Changing to push nginx with new version

vi test/images/nginx/VERSION
# submit with _WHAT=nginx

yields a similar error

#5 exporting to image
#5 exporting layers done
#5 exporting manifest sha256:a2d0ea7d3550b0853d04263025e6cfcc353f3e102fe725d19b9fc51282603f02 0.0s done
#5 exporting config sha256:f4ac389d78cd8be151962a9fc7227b3b23862d9040eeb0686158a3229da60022 0.0s done
#5 pushing layers 0.1s done
#5 pushing manifest for gcr.io/k8s-staging-e2e-test-images/nginx:1.14-monkeys-linux-amd64
#5 pushing manifest for gcr.io/k8s-staging-e2e-test-images/nginx:1.14-monkeys-linux-amd64 0.3s done
#5 ERROR: failed commit on ref "manifest-sha256:a2d0ea7d3550b0853d04263025e6cfcc353f3e102fe725d19b9fc51282603f02": unexpected status: 401 Unauthorized
------
 > exporting to image:
------
failed to solve: rpc error: code = Unknown desc = failed commit on ref "manifest-sha256:a2d0ea7d3550b0853d04263025e6cfcc353f3e102fe725d19b9fc51282603f02": unexpected status: 401 Unauthorized
make: *** [Makefile:43: all-build-and-push] Error 1

so… new tag, unchanged manifest = error… is this working as intended, or should we be allowing this?
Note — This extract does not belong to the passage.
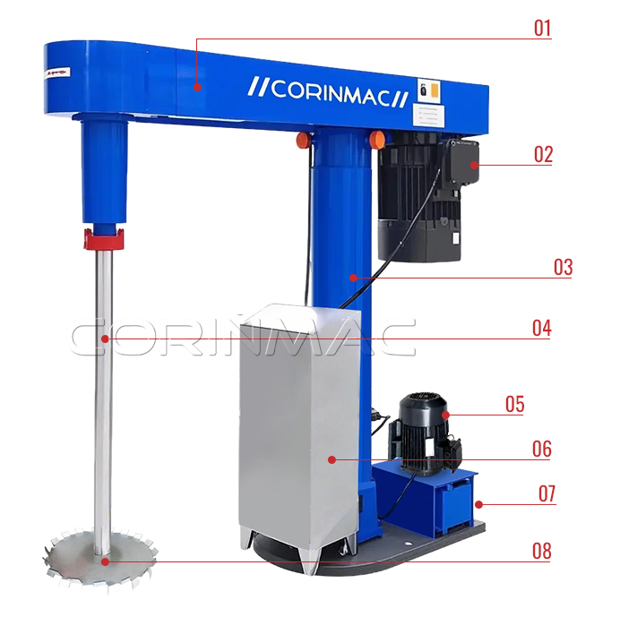 01. Host rack 02. Main motor 03. The main engine shaft hydraulic lifting, lifting stroke 1.1M-1.6M 04. Stainless steel dispersion shaft 05. Hydraulic motor 06. Control the electric box 07. Hydraulic oil tank 08. Stainless steel dispersion plate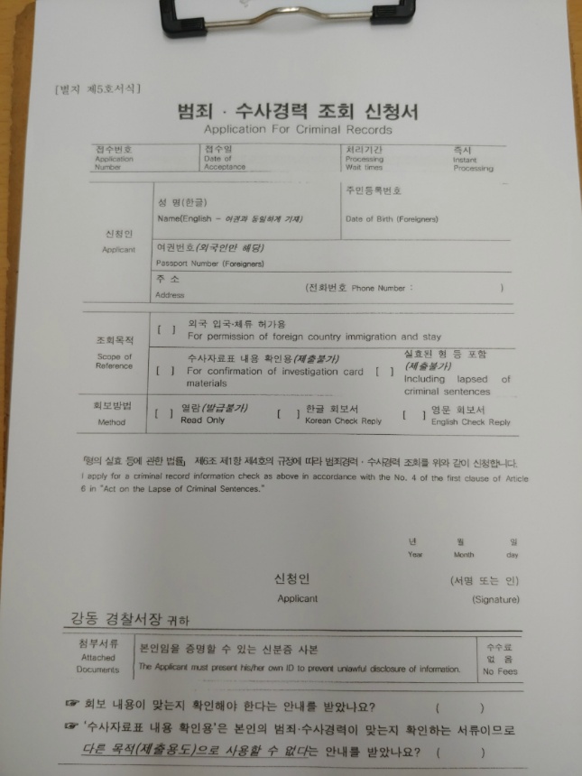 경찰서에 가서 범죄 수사경력 회보서를 발급 받아야하는 일이 생깁니다. 특히 캐나다에서 워크 퍼밋을 받을 때, 또는 영주권 심사할때 캐나다 정부에서 요구합니다. 그러나 한국 경찰서에서는

Right, gcr.io/k8s-staging-e2e-test-images/nginx:1.14-monkeys-linux-amd64 and gcr.io/k8s-staging-e2e-test-images/nginx:1.14-alpine-linux-amd64 has the same sha, which is identical to nginx:1.14-alpine since the image was mirrored. I had the same sha on my own registry as well. So, it should work if we generate a new sha then. We could make a trivial change in the Dockerfile:

diff --git a/test/images/nginx/Dockerfile b/test/images/nginx/Dockerfile
index 3983b7c4f24..9a0c8ffb425 100644
--- a/test/images/nginx/Dockerfile
+++ b/test/images/nginx/Dockerfile
@@ -15,3 +15,5 @@
 # NOTE(claudiub): Noop. We're just mirroring the image to staging.
 ARG BASEIMAGE
 FROM $BASEIMAGE
+
+LABEL image_version="1.14-1"

Building this, I then get the sha:

docker pull claudiubelu/nginx:1.14-1-linux-amd64
1.14-1-linux-amd64: Pulling from claudiubelu/nginx
bdf0201b3a05: Already exists
3d0a573c81ed: Already exists
8129faeb2eb6: Already exists
3dc99f571daf: Already exists
Digest: sha256:ebf4de42b3d660133f6f7d0feddabe31a44d07ed55f59471fd2072b0d8e8afae

Which is now different from the previous a2d0ea7d3550b0853d04263025e6cfcc353f3e102fe725d19b9fc51282603f02. Being a different sha, it should be pushable. If we look at the prow job history, we’d see that the httpd and nginx inage jobs worked exactly once: when the images dockerhub images were mirrored for the first time. This doesn’t affect pushing images to dockerhub, I would have encountered this issue too before.

IMO, we could go ahead with this fix, making a note in the README.md too, and push on the fix to merge on docker.